Gentry sat back then, his body width spreading beyond the lines of the leather chair. “Two men found dead in a swamp, a woman killed in her apartment. Two of the three victims are employees of Tiener South. You go out to Tiener’s, ask questions, then somebody takes a shot at you. It makes Tiener South a focal point, doesn’t it?”

“Is old man Tiener really dead, Will?”

He looked out from under thick eyebrows. “How the hell would I know? I wasn’t on his yacht. Go ask his sister.”

“Sister?”

“Lisa Hume Montgomery, a widow.”

Lisa Hume Montgomery lived many notches above squalor and maybe six below elegant splendor. The house probably had been constructed within the last ten years but presented a leaning toward English castle architecture.

Behind it, carved out of the expanse of green grass, was a 1976 swimming pool designed after a playing card club symbol. The blue pool water sparkled. So did the fingers of the sunbrowned, leathery looking woman who gazed up curiously at Shayne’s approach from a comer of the house.
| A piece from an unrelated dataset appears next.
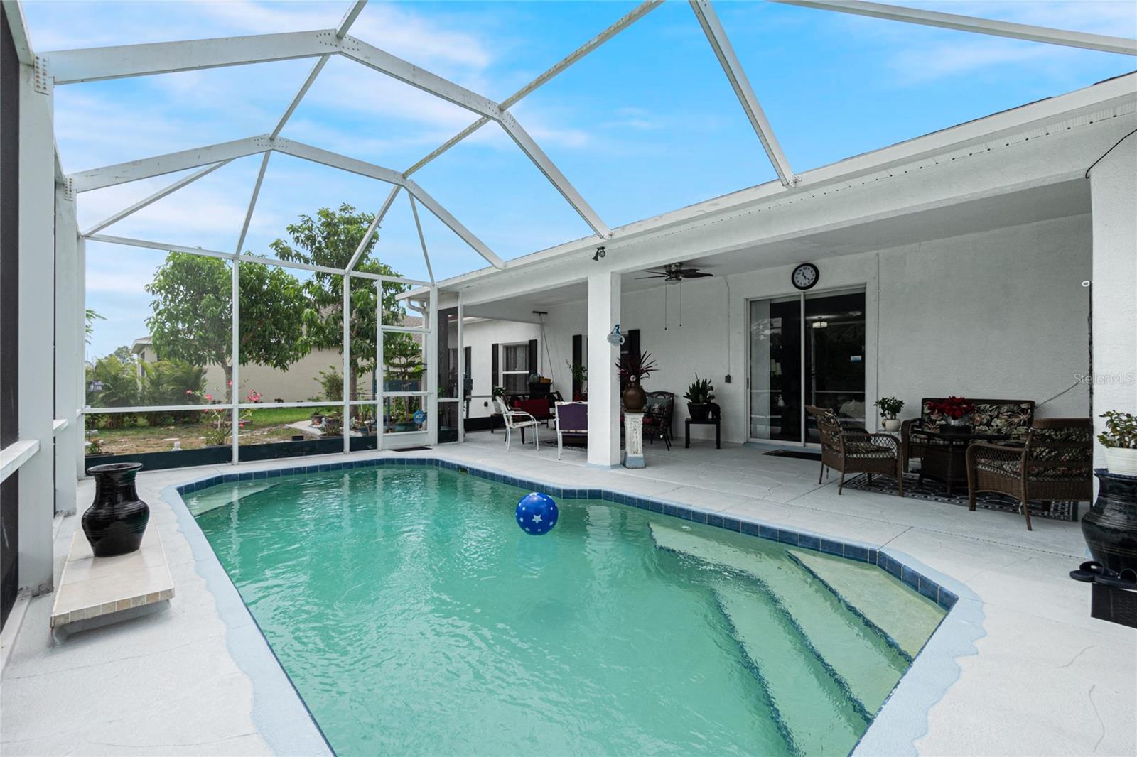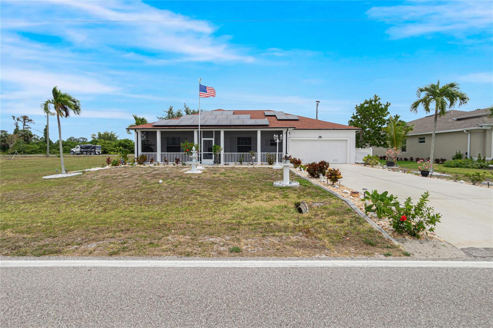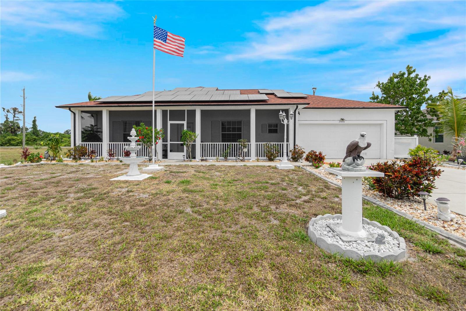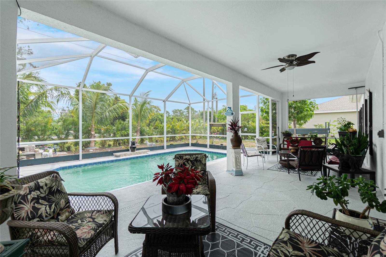 impressive 3 Bedroom, 2 Bathroom POOL HOME with attached 2 car Garage located in the desirable deed restricted community of BURNT STORE VILLAGE. This light and bright home offers an open and split bedroom floor plan with 40x6 screened Front Porch, Foyer, Den/Office, Bonus Room, Great Room, well equipped Kitchen and Inside Laundry. When you enter the Foyer on the right French doors with glass panels open to the large Den/Office. On the left French doors with glass panels open to the Bonus Room. This room is currently used as a Living Room. Either room could be used as a Dining Room or 4th Bedroom. The spacious Great Room with sliding glass doors to the Lanai opens to the large Kitchen- true open concept. The Kitchen features beautiful wood cabinetry, granite counters, tile backsplash, double door refrigerator, dishwasher, built in microwave, oven/range, dining space, huge closet pantry. The Master Bedroom suite has a walk in closet and private bathroom with walk in shower and tub. There are two additional generous sized bedrooms and the guest bathroom has a tub/shower combination. Your living space extends to the screened Lanai with 22x10 swimming pool, large covered area and covered patio and covered grilling area outside of the pool cage. Flooring is tile and diagonal lay tile in the living areas, carpet in the bedrooms. Other features include ***NEW ROOF 2023***, hurricane shutters, 10 foot ceilings. Utilities are county water and sewer. Burnt Store Village has 13 miles of quiet, county-maintained streets that are great for bike riding, and the Burnt Store Village Community Park has a walking path around a picturesque lake, picnic tables and a playground. Only 10 minutes to Burnt Store Marina to the south and 10-15 minutes to historic Punta Gorda to the north with shopping, dining, medical care, waterfront parks, boat ramps, fishing piers, walking and biking paths, Fishermen's Village, Charlotte Harbor Event Center, art galleries, weekend farmers markets, events and more. This is a beautiful home in a great community!

She wore several diamond rings.

Shayne stopped in his tracks as a young man shot up from a webbed chair near the woman. The young man left her fast and faded into the house. Shayne stared after him.

The woman looked from Shayne to the house door, back at Shayne. “You seem to have startled Tony. Are you two acquainted?”

“In a sense I think we might be,” responded the redhead.

VIII

Lisa Hume Montgomery wore a one-piece pink bathing suit. She was sixty to sixty-five years of age. The leathery look was a product of many hours in the wind and sunshine. She wore it as most other women her age and financial stature flaunted mink on lotion pampered skin.

“Mr. Shayne?” she said curiously from the propped layback chair.

He sat in the chair the young man had vacated at her feet. He was in the shade of a table umbrella. Shayne wasn’t a sun nut.

“I knocked,” he said to her.

She nodded. “I do not have domestics. I prefer to take care of myself and my home.” She paused, frowned slightly. “But who are you? Why are you here? Why did your appearance surprise Tony?”

“How do you know my name, Mrs. Montgomery?” he countered.

“Tony spoke it when you appeared.”

“Who is he?”

She contemplated briefly. “Anthony Andrews. He is in the employ of my brother, Robert Hume Tiener.”

Shayne ran a thumbnail along his jawline, fixed her with a steady look. “I understand your brother is dead.”